··· INFORMATION SUPPLIED ···

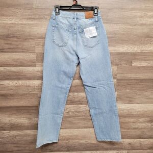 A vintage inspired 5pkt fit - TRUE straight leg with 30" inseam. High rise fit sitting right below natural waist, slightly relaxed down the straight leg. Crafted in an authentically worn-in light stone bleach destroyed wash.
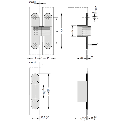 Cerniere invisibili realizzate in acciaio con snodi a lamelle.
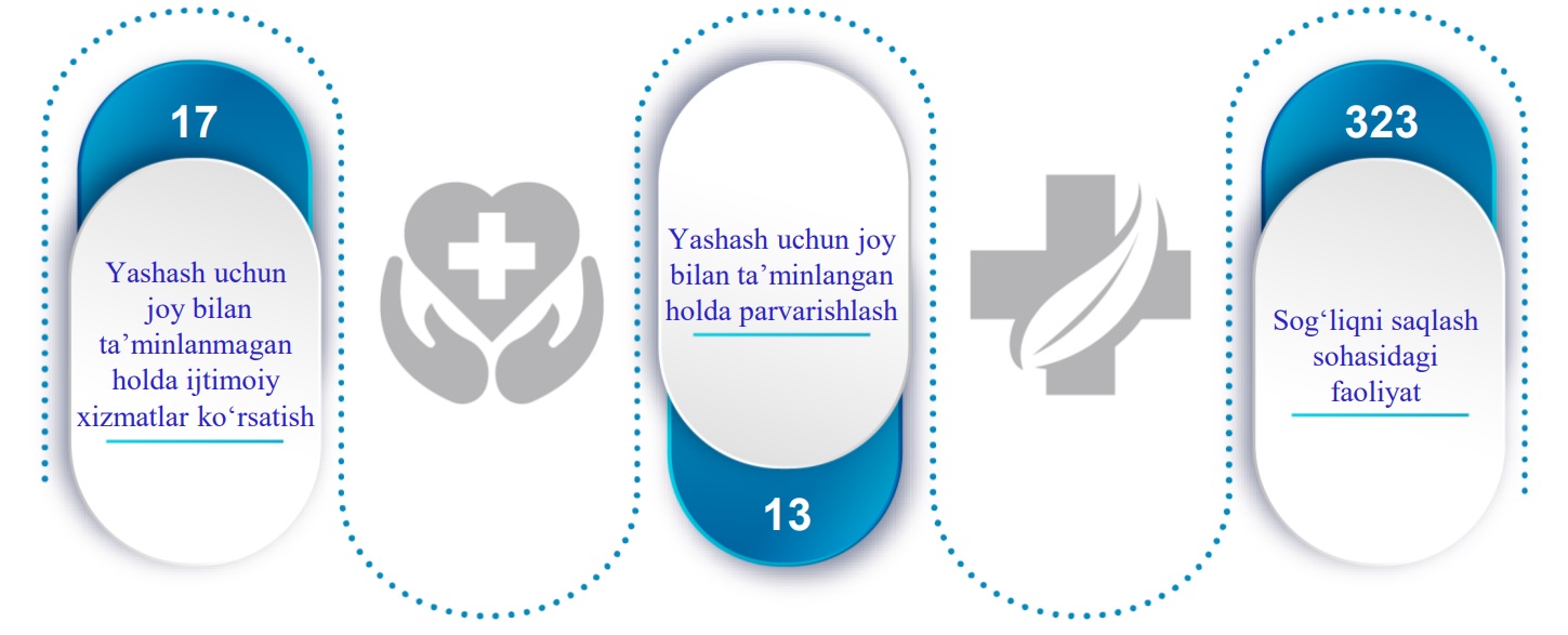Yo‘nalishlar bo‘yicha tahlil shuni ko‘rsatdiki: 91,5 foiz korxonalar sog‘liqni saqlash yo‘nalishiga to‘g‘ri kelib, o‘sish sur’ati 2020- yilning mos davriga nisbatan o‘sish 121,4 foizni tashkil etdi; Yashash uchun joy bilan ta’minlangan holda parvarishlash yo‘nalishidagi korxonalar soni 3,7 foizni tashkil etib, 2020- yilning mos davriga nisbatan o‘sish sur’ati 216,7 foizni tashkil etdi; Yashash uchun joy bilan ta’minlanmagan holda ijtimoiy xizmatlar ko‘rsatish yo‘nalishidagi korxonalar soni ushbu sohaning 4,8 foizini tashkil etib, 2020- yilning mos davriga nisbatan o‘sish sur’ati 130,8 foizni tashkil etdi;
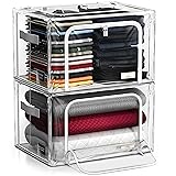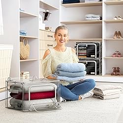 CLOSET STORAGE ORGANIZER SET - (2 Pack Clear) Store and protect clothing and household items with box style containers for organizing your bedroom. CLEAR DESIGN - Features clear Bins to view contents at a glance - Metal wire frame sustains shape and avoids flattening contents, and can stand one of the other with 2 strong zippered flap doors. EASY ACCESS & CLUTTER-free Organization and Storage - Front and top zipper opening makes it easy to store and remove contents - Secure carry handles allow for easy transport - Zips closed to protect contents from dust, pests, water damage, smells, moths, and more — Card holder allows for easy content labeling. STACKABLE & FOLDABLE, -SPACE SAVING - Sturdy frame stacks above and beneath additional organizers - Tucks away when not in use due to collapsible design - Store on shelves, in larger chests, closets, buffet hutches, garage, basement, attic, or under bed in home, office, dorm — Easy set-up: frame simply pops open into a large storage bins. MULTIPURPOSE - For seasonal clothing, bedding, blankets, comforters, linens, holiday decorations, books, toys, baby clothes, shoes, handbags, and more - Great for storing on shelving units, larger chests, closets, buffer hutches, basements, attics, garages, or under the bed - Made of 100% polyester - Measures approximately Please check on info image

···

■ ASSIGNMENT: Reproduce each line above precisely, with no pictures.

■ RESULT OF THE EXERCISE:
 A vintage inspired 5pkt fit - TRUE straight leg with 30" inseam. High rise fit sitting right below natural waist, slightly relaxed down the straight leg. Crafted in an authentically worn-in light stone bleach destroyed wash.
 Cerniere invisibili realizzate in acciaio con snodi a lamelle.
Yo‘nalishlar bo‘yicha tahlil shuni ko‘rsatdiki: 91,5 foiz korxonalar sog‘liqni saqlash yo‘nalishiga to‘g‘ri kelib, o‘sish sur’ati 2020- yilning mos davriga nisbatan o‘sish 121,4 foizni tashkil etdi; Yashash uchun joy bilan ta’minlangan holda parvarishlash yo‘nalishidagi korxonalar soni 3,7 foizni tashkil etib, 2020- yilning mos davriga nisbatan o‘sish sur’ati 216,7 foizni tashkil etdi; Yashash uchun joy bilan ta’minlanmagan holda ijtimoiy xizmatlar ko‘rsatish yo‘nalishidagi korxonalar soni ushbu sohaning 4,8 foizini tashkil etib, 2020- yilning mos davriga nisbatan o‘sish sur’ati 130,8 foizni tashkil etdi;
 CLOSET STORAGE ORGANIZER SET - (2 Pack Clear) Store and protect clothing and household items with box style containers for organizing your bedroom. CLEAR DESIGN - Features clear Bins to view contents at a glance - Metal wire frame sustains shape and avoids flattening contents, and can stand one of the other with 2 strong zippered flap doors. EASY ACCESS & CLUTTER-free Organization and Storage - Front and top zipper opening makes it easy to store and remove contents - Secure carry handles allow for easy transport - Zips closed to protect contents from dust, pests, water damage, smells, moths, and more — Card holder allows for easy content labeling. STACKABLE & FOLDABLE, -SPACE SAVING - Sturdy frame stacks above and beneath additional organizers - Tucks away when not in use due to collapsible design - Store on shelves, in larger chests, closets, buffet hutches, garage, basement, attic, or under bed in home, office, dorm — Easy set-up: frame simply pops open into a large storage bins. MULTIPURPOSE - For seasonal clothing, bedding, blankets, comforters, linens, holiday decorations, books, toys, baby clothes, shoes, handbags, and more - Great for storing on shelving units, larger chests, closets, buffer hutches, basements, attics, garages, or under the bed - Made of 100% polyester - Measures approximately Please check on info image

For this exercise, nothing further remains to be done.